What the exercise asks: Please output every line of the material as it stands, without the pictures.

Dataset section:

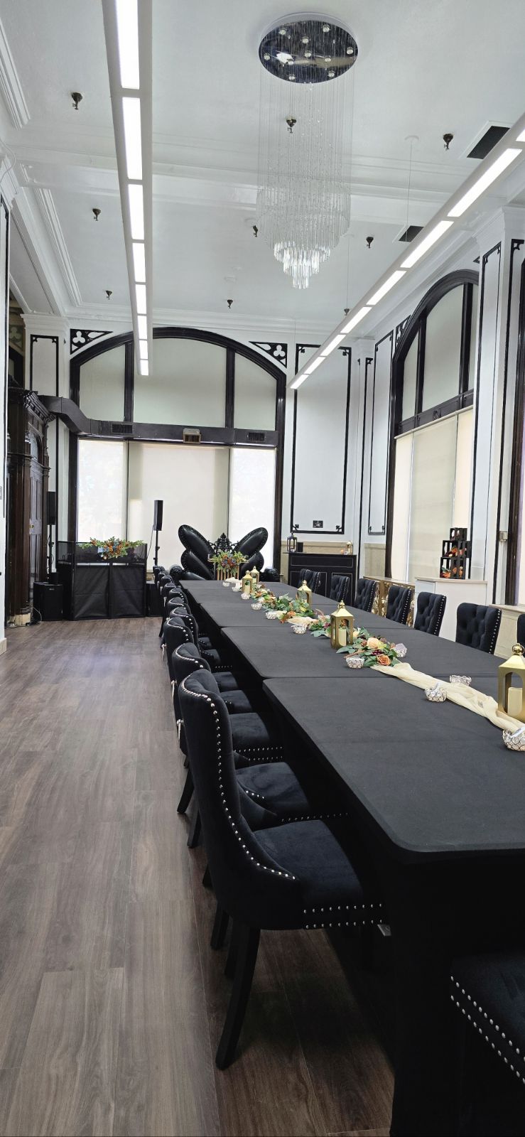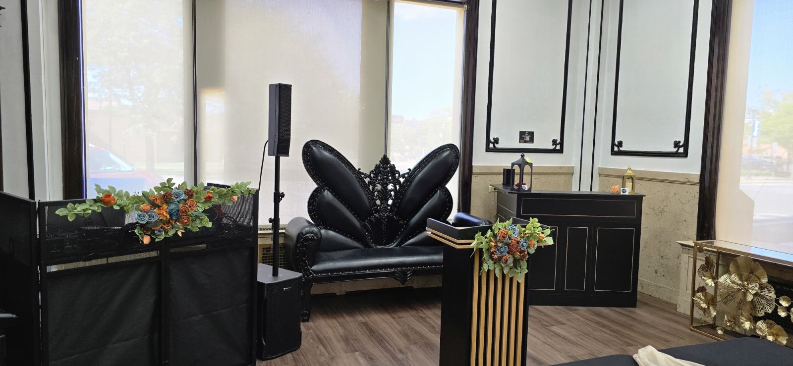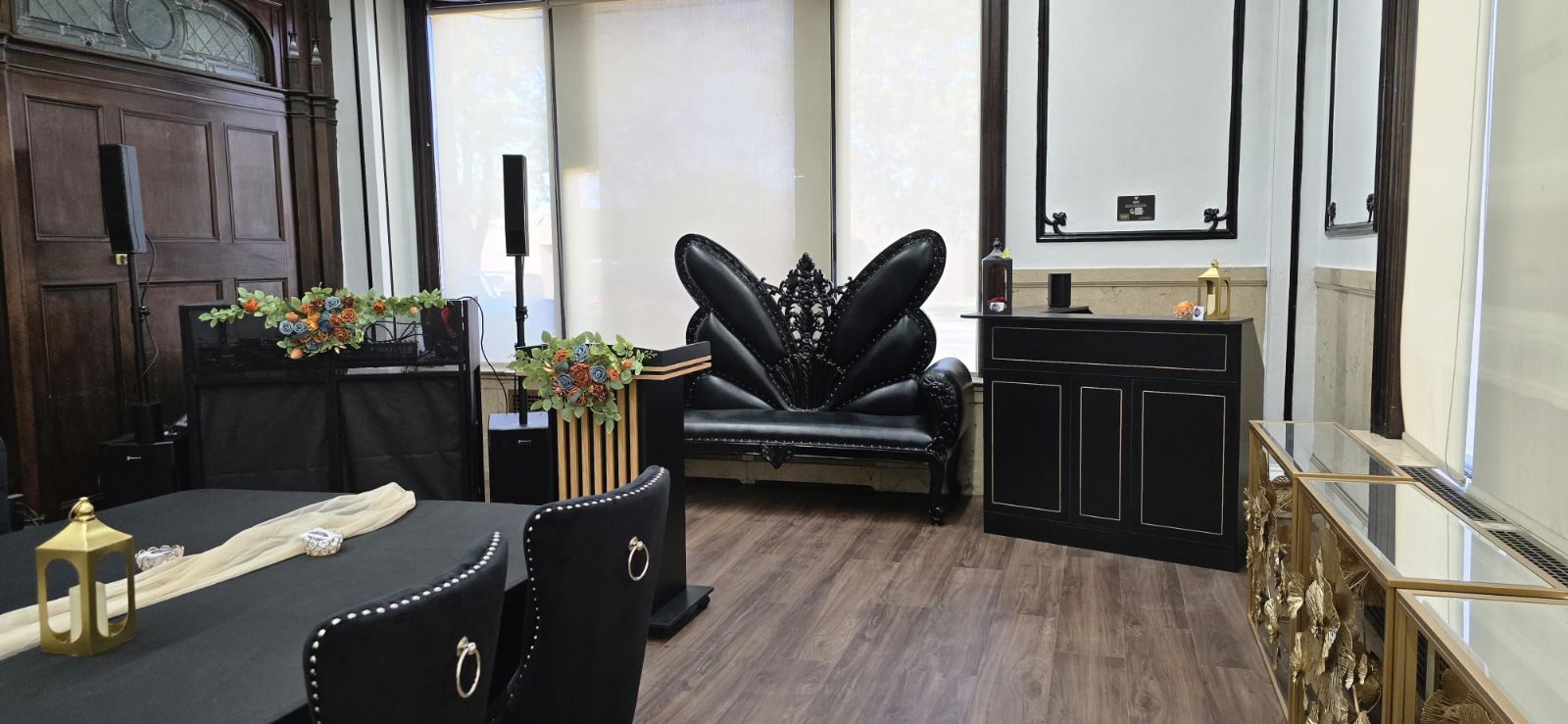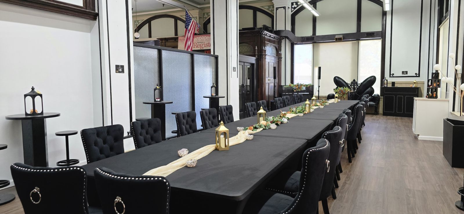 Downtown ballroom for events up to 50 guests. Elegant ballroom layout with long banquet table, statement loveseat, plush chairs; rich wood floors and tall windows. Entire unique shipping-container place; 1 bedroom, 1 bath, 1 bed; wifi, TV, AC, heating, EV charger, smoke/CO detector, extinguisher, first-aid. In downtown Sandusky near Jackson Street Pier, waterfront, Merry-Go-Round Museum; short 5–15 min walks, on-street and lot parking, limited transit and seasonal ferries. Best for micro-weddings, showers, corporate dinners.
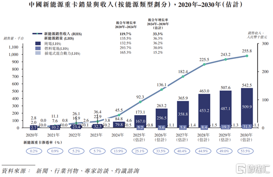 在政策的大力支持下,国内新能源重卡的普及将进一步加快。2025年9月中国新能源重卡的渗透率达到28.9%,预计到2030年将进一步提升至53.5%,年销量达54.25万台,市场规 模达到2558亿元,复合年增长率分别为36.3%及33.3%。
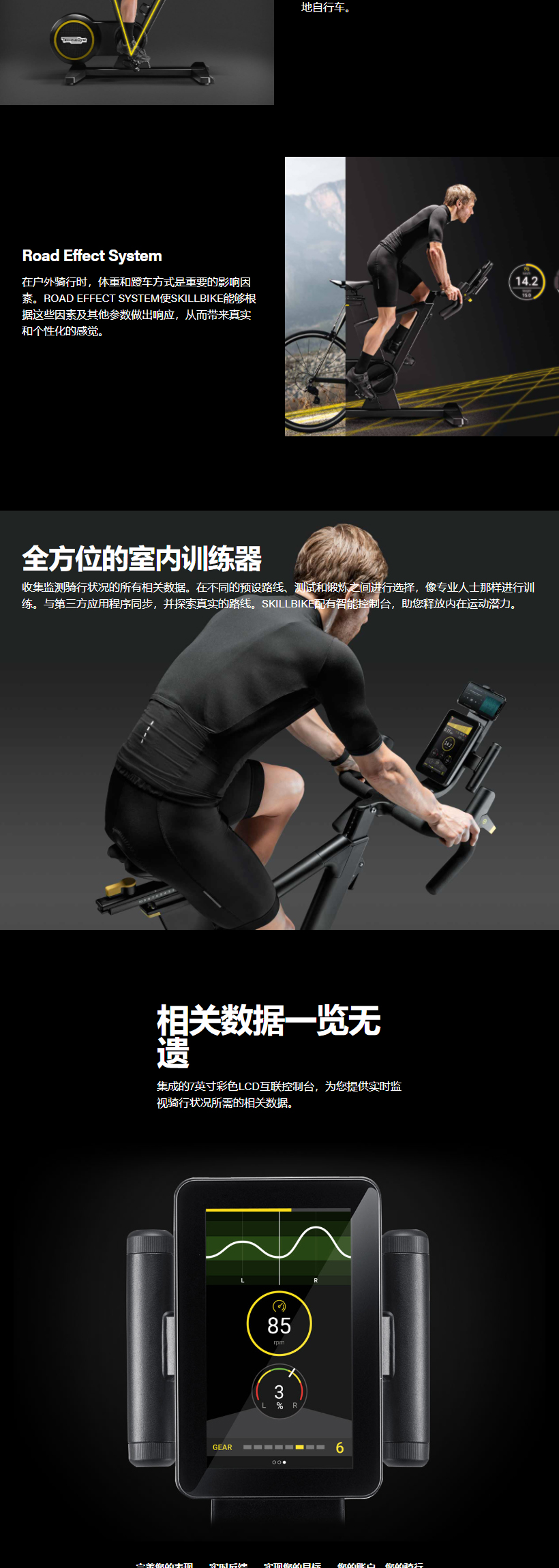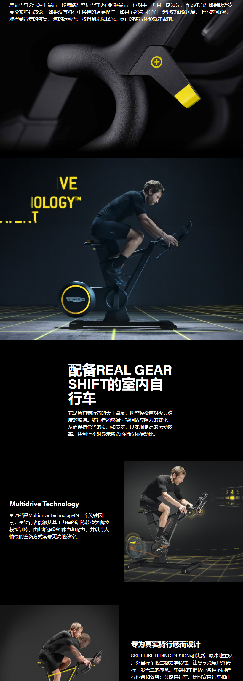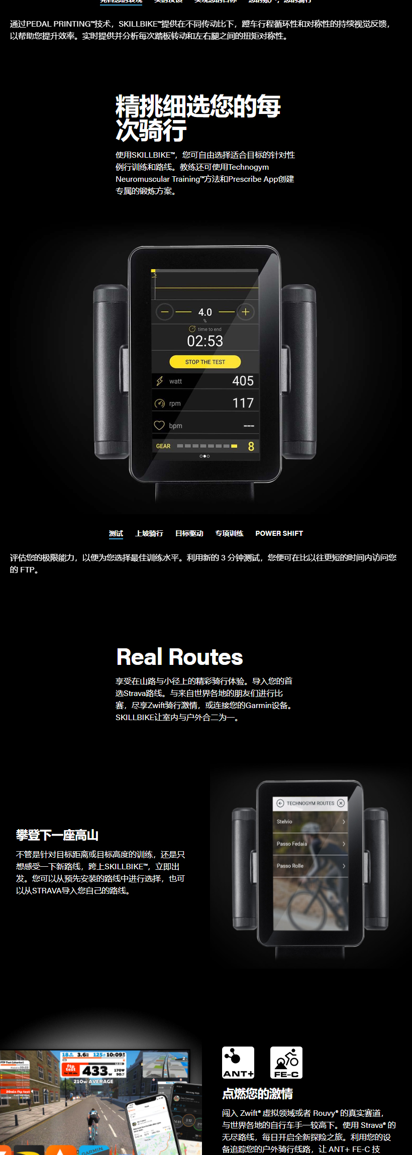 Skillbike是Technogym(泰诺健) 开发的一款革命性新型固定自行车。配备了真实档位的固定式自行车, 在室内也能体验户外骑行的激情和挑战。 无尽虚拟路线待您探索。精准、有效的反馈信息助您提高运动能力与效率。与好友展开激动人心的竞赛, 还有更多功能待您体验。
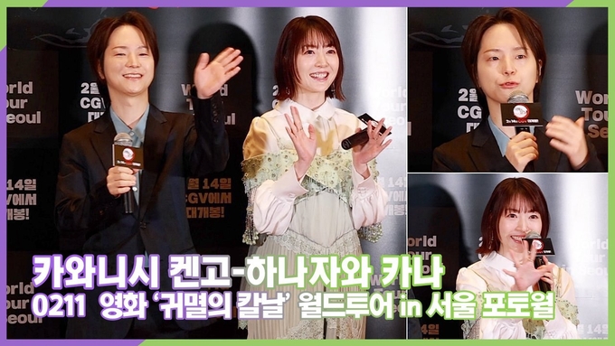 [뉴스인스타 양철수기자] 2월 11일(일) 오후, 서울시 용산구 CGV 용산아이파크몰에서 ‘귀멸의 칼날’ 월드투어 in 서울 포토월 행사가 열려 '토키토 무이치로’ 역의 성우 카와니시 켄고, ‘칸로지 미츠리’ 역의 성우 하나자와 카나가 참석해 인터뷰를 하고 있다.

Solution for this exercise:
 Downtown ballroom for events up to 50 guests. Elegant ballroom layout with long banquet table, statement loveseat, plush chairs; rich wood floors and tall windows. Entire unique shipping-container place; 1 bedroom, 1 bath, 1 bed; wifi, TV, AC, heating, EV charger, smoke/CO detector, extinguisher, first-aid. In downtown Sandusky near Jackson Street Pier, waterfront, Merry-Go-Round Museum; short 5–15 min walks, on-street and lot parking, limited transit and seasonal ferries. Best for micro-weddings, showers, corporate dinners.
 在政策的大力支持下,国内新能源重卡的普及将进一步加快。2025年9月中国新能源重卡的渗透率达到28.9%,预计到2030年将进一步提升至53.5%,年销量达54.25万台,市场规 模达到2558亿元,复合年增长率分别为36.3%及33.3%。
 Skillbike是Technogym(泰诺健) 开发的一款革命性新型固定自行车。配备了真实档位的固定式自行车, 在室内也能体验户外骑行的激情和挑战。 无尽虚拟路线待您探索。精准、有效的反馈信息助您提高运动能力与效率。与好友展开激动人心的竞赛, 还有更多功能待您体验。
 [뉴스인스타 양철수기자] 2월 11일(일) 오후, 서울시 용산구 CGV 용산아이파크몰에서 ‘귀멸의 칼날’ 월드투어 in 서울 포토월 행사가 열려 '토키토 무이치로’ 역의 성우 카와니시 켄고, ‘칸로지 미츠리’ 역의 성우 하나자와 카나가 참석해 인터뷰를 하고 있다.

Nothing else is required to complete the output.